Genellikle genetik geçişli olan geniz eti ve kronik bademcik sorunları daha sıklıkla alerjik zeminde gelişmektedir.
Bademcikler normal şartlarda ağızdan giren havayı süzmek şeklinde koruyucu görevle mevcuttur. Ancak bir kez enfeksiyon aldığı zaman (özellikle BETA olarak bilinen enfeksiyon) doku içine yerleştiğinden antibiyotik ile baskılanabilir, ancak sık tekrarlamaya devam eder.
Şöyle açıklayabiliriz; Bademcikler sünger gibi dokulardır, süngeri bir kez sabunladığınızda 100 defada yıkasanız 101. yıkamada yine sabun akar, bademcik de bir kez BETA mikrobunu aldığında her antibiyotik kullanımında baskılanır vücut direncini düşük bulduğunda ise tekrar tetiklenir.
Bademciklerde yerleşen BETA mikrobunun esas riski ise özellikle çocukluk çağında eklem ve kalp ile ilgili komplikasyonlara sebep olabilmesidir.
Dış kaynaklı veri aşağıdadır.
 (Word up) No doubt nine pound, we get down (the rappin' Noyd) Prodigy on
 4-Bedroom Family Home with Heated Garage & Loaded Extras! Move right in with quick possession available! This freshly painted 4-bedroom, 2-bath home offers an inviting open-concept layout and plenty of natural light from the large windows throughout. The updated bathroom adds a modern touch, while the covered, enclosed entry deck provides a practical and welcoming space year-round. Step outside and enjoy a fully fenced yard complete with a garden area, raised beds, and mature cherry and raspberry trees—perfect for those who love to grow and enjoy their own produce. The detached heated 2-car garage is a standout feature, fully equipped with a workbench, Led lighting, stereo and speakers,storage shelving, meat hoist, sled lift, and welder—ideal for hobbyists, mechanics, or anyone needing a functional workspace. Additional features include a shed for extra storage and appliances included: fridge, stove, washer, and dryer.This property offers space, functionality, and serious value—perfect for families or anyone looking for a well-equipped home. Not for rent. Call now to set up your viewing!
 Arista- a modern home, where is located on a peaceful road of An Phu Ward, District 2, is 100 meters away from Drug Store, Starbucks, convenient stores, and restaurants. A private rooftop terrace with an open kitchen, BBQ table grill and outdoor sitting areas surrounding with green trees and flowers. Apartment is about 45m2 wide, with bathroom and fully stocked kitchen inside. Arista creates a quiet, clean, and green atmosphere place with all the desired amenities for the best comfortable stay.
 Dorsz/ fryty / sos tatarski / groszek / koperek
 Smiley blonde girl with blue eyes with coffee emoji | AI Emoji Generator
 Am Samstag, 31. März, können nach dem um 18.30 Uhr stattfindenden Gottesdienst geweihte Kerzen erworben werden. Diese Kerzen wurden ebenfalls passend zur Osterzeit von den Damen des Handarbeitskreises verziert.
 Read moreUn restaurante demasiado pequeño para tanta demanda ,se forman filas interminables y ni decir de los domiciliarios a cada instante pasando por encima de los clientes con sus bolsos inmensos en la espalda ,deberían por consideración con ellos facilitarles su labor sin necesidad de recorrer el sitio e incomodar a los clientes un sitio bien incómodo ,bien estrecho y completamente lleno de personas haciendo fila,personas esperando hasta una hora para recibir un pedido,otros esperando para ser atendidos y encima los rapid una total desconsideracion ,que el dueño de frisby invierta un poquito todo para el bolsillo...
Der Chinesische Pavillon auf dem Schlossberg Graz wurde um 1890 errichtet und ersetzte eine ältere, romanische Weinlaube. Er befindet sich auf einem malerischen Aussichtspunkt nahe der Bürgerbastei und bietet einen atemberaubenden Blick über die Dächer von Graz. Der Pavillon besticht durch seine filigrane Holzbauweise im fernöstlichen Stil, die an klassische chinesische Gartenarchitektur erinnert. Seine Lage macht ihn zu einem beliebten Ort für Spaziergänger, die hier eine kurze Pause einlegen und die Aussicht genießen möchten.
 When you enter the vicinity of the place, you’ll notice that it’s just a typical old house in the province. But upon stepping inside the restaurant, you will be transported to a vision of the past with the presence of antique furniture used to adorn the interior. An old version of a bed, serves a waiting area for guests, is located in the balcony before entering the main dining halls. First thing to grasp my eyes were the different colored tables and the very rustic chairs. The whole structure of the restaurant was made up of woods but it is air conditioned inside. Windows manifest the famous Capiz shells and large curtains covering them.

Bunun dışında iştahsızlık, büyüme gelişme geriliği, dikkat dağınıklığı gibi hastanın tüm hayatını etkileyecek komplikasyonlar da sıklıkla görülmektedir.
İşte bu sebeplerden dolayı takiplerde hasta bir yıl içinde üç ya da üçden fazla ateşli, antibiyotik kullanımı gerektiren bademcik enfeksiyonu geçirdi ise artık faydadan çok zarar verdiği, süzgeç görevini yapmadığı gibi kendisi enfeksiyon odağı haline geldiği değerlendirilir ve zarar veren bademciğin alınması önerilir. Hasta ancak bu şekilde daha ciddi komplikasyonlardan korunabilir. Bademcikler sadece yardımcı doku olduğu için alındığında ömür boyu vücutta herhangi bir eksikliği hissedilmez.